[Saved data entries]
════

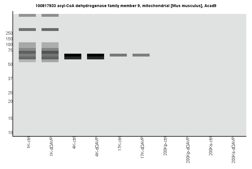 | 100817933 | Acad9 | 68591 | 1.06 | 1.06 | 0.95 | 0.95 | 0.95 | 0.95 | acyl-CoA dehydrogenase family member 9, mitochondrial | |||||||||||
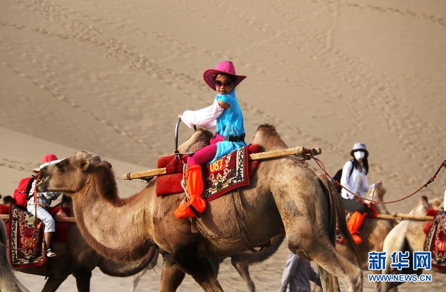 7月28日,一名小朋友在甘肃省敦煌市鸣沙山月牙泉景区体验骑骆驼。紧张而繁忙的一个学期过去了,孩子们终于迎来了“拯救不开心”的暑假,那种好似“雨后见彩虹”的心情,真爽!暑假里最郁闷的事,不是玩得不够high,而是再不赶紧玩耍,假期就要结束啦!正所谓“无快乐不暑假”,小伙伴们快快走出家门,尽情享受暑假的快乐吧。新华社发(张晓亮 摄)
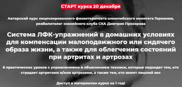 • Каждое из упражнений можно делать в домашних условиях без специального оборудования, подойдет если у вас есть артрит и/или артроз I-II-III стадии (и даже IV стадии, если вы боитесь операции и хотите попробовать консервативно)
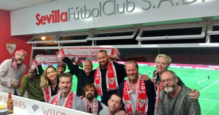 Ciudad de México, 7 de noviembre (SinEmbargo/JuanFutbol).- El partido entre el Sevilla FC y el FC Barcelona de este domingo contó con unos invitados de lujo en el palco: el elenco de Juego de Tronos. Actores y equipo de producción de la serie fueron invitados por el equipo andaluz.
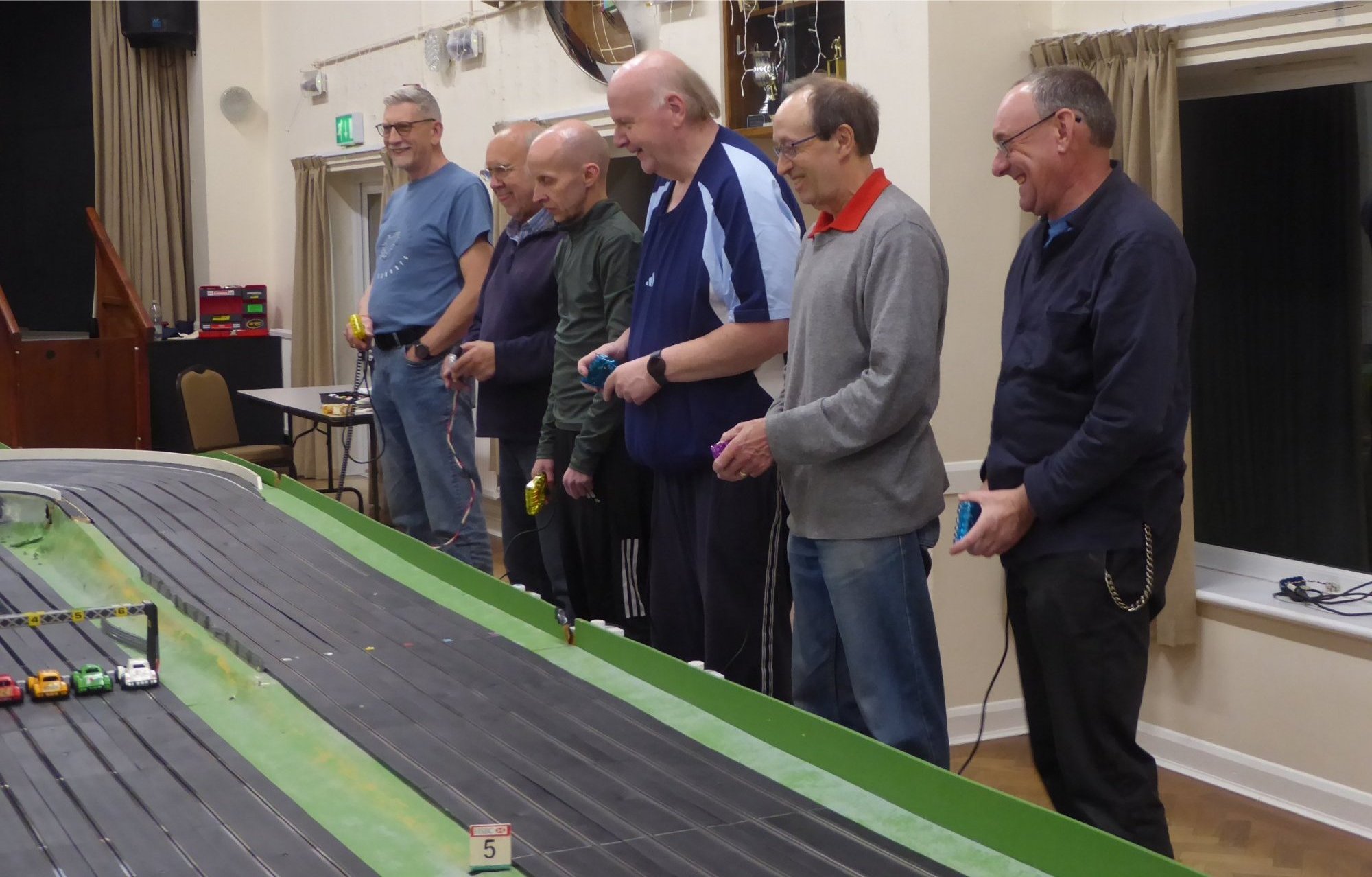 As darkness approached numbers dwindled to ten, those more distant having road works and narrow country lanes to contend with. The remainder settled in for the last class, stock Legends Pioneers. Wheels are glued and trued front and rear, guides held captive and shimmed and finally, although there had been no damage in previous races, all seven (six plus a back-up) are fitted with 3D printed 'unbreakable' bumpers. Having said 'no damage in previous races', racing was so close this time that one mirror temporarily went AWOL! As with the trucks, the Legends were totally reliable, all braids remaining firmly in place at last.
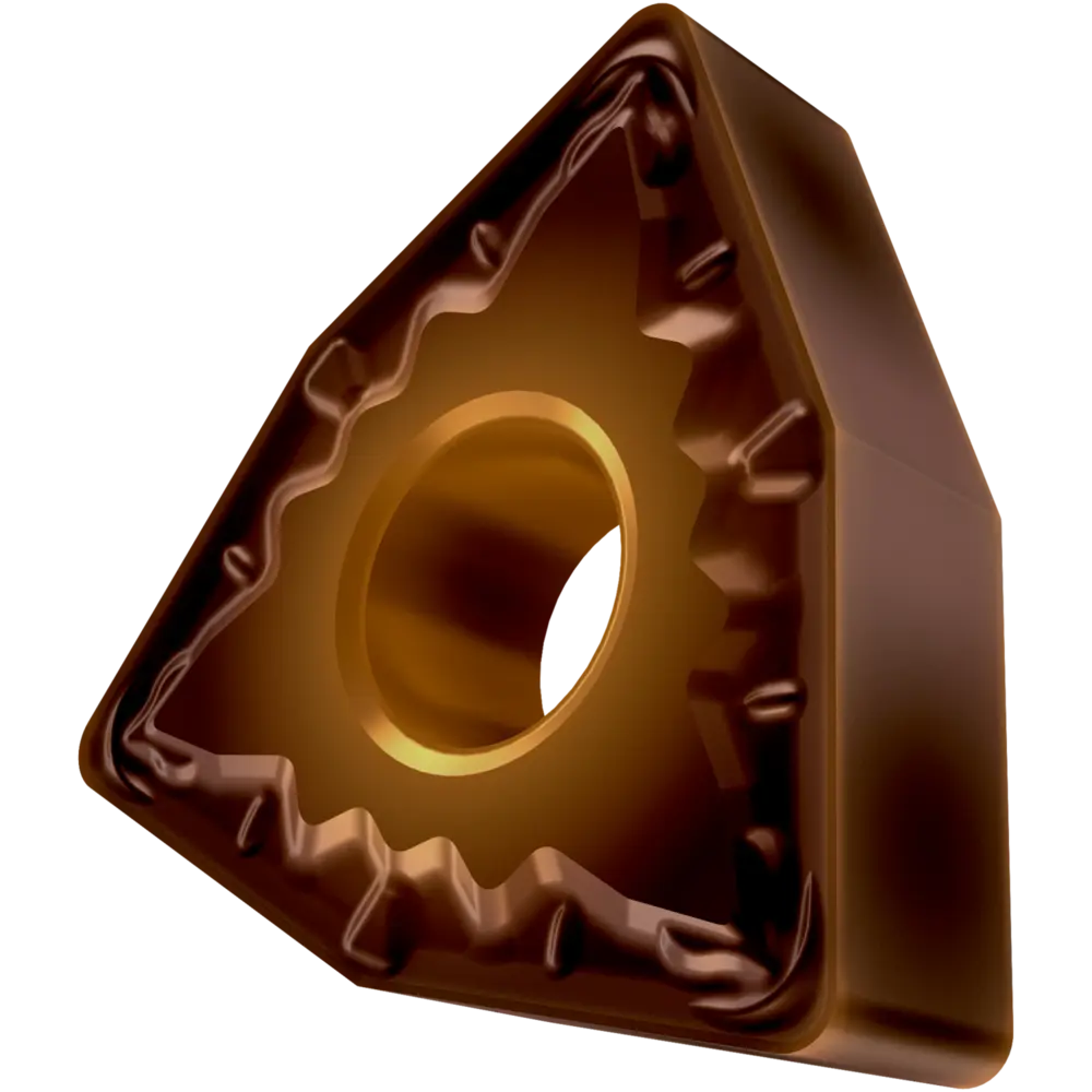 Двусторонняя негативная токарная пластина, 80° тригон с диаметром вписанной окружности 12,7 мм, толщина 4,76 мм, радиус вершины 1,2 мм, точность индексации в соответствии с классом допуска ISO M, стружколом FM со скругленными режущими кромками, из сплава T8430, мелкозернистого твердого сплава WC-Co с покрытием PVD в диапазоне ISO P20 -P40, для чистовой и средней обработки сталей.
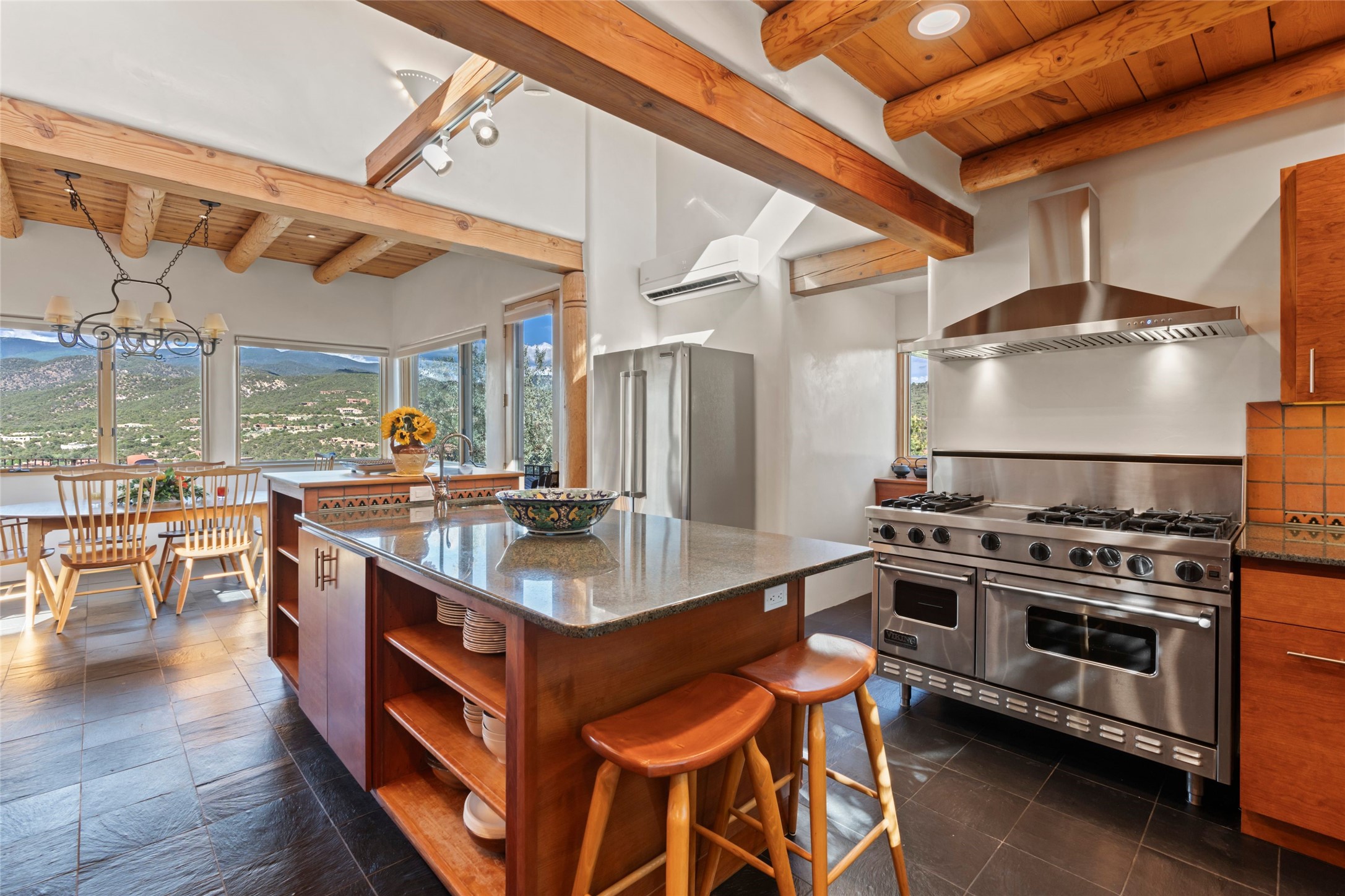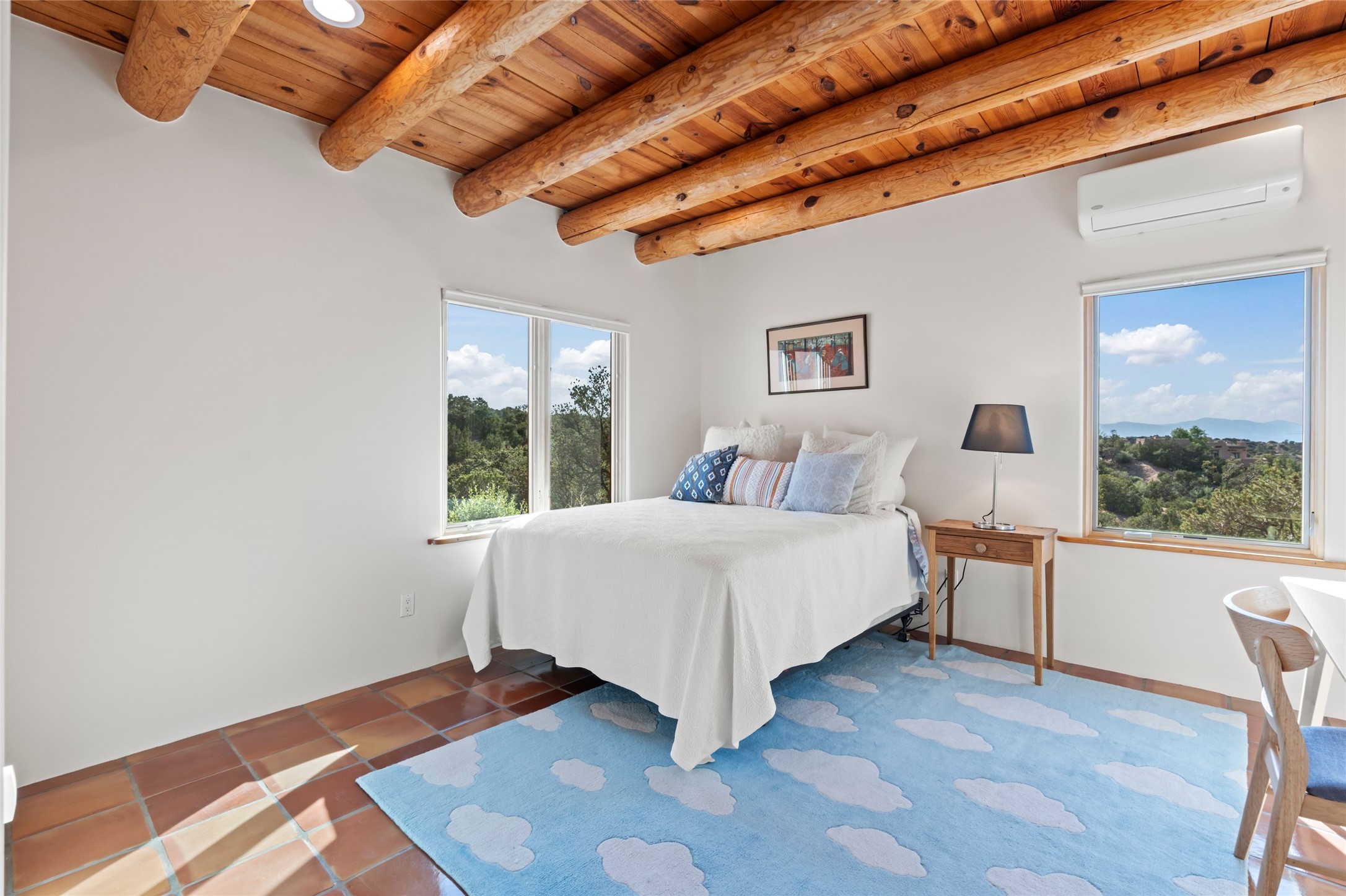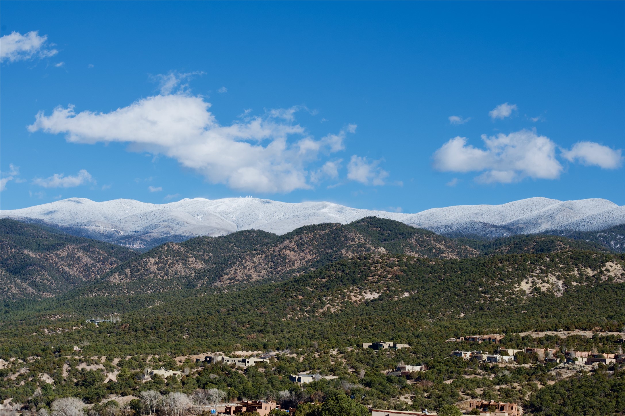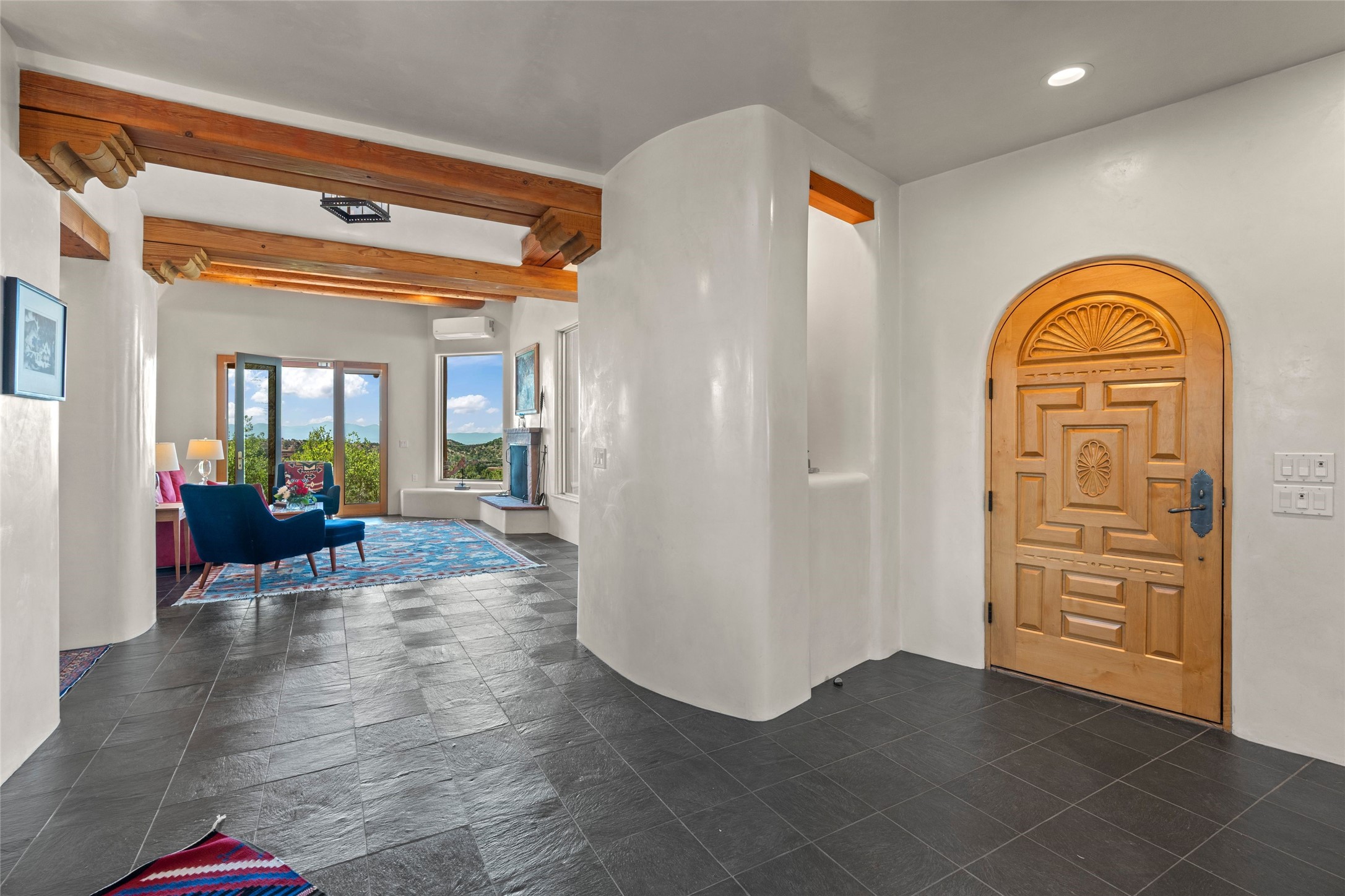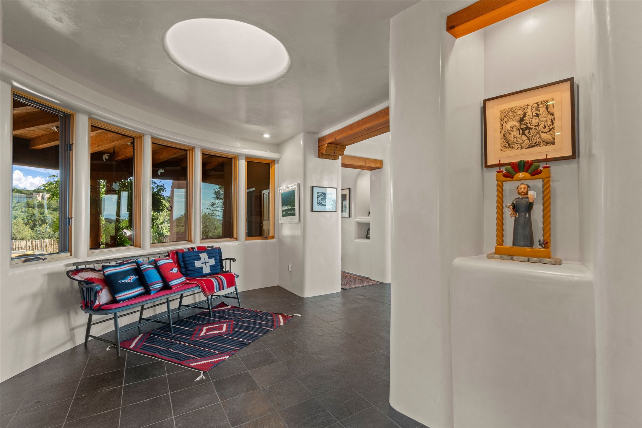 With spectacular mountain views in three directions and an enviable location just seven minutes from the Plaza, this recently remodeled home, originally constructed by noted builder Will Prull, is an exceptional estate. The 4,000-foot, 4-Bed + Office / 3.5 Bath Main House and spacious 1,700-foot 1-Bed / 2-Bath Guest House / Studio have gorgeous wood, stone, and tile finishes throughout. Nestled on a hilltop site within the exclusive Bishop Lodge Estates gated community, the property is located on 2.24 acres that overlook the storied Bishops Lodge and the National Forest. It enjoys unsurpassed, close-up views of the Sangre de Cristo mountains as well as stunning vistas of the Badlands and Jemez Mountains. It is in truly move-in condition having just undergone a comprehensive remodel in 2024-25 that includes new TPO roofs & stucco, new heating & cooling system, solar panels with battery backup, and much more. A short walk takes you to the Bishops Lodge, with numerous complimentary Club Privileges extended to the owners in this particular community. This exquisite, updated home represents a rare opportunity to live in a sought-after, gated community where properties rarely change hands. Call today to experience this extraordinary property.

════

Starting at the line with "Ciudad de México, 7" in the entries above, write out every line exactly until the line with "As darkness approached" has been written. Include no pictures and nothing more.

- TASK RESULT:
 Ciudad de México, 7 de noviembre (SinEmbargo/JuanFutbol).- El partido entre el Sevilla FC y el FC Barcelona de este domingo contó con unos invitados de lujo en el palco: el elenco de Juego de Tronos. Actores y equipo de producción de la serie fueron invitados por el equipo andaluz.
 As darkness approached numbers dwindled to ten, those more distant having road works and narrow country lanes to contend with. The remainder settled in for the last class, stock Legends Pioneers. Wheels are glued and trued front and rear, guides held captive and shimmed and finally, although there had been no damage in previous races, all seven (six plus a back-up) are fitted with 3D printed 'unbreakable' bumpers. Having said 'no damage in previous races', racing was so close this time that one mirror temporarily went AWOL! As with the trucks, the Legends were totally reliable, all braids remaining firmly in place at last.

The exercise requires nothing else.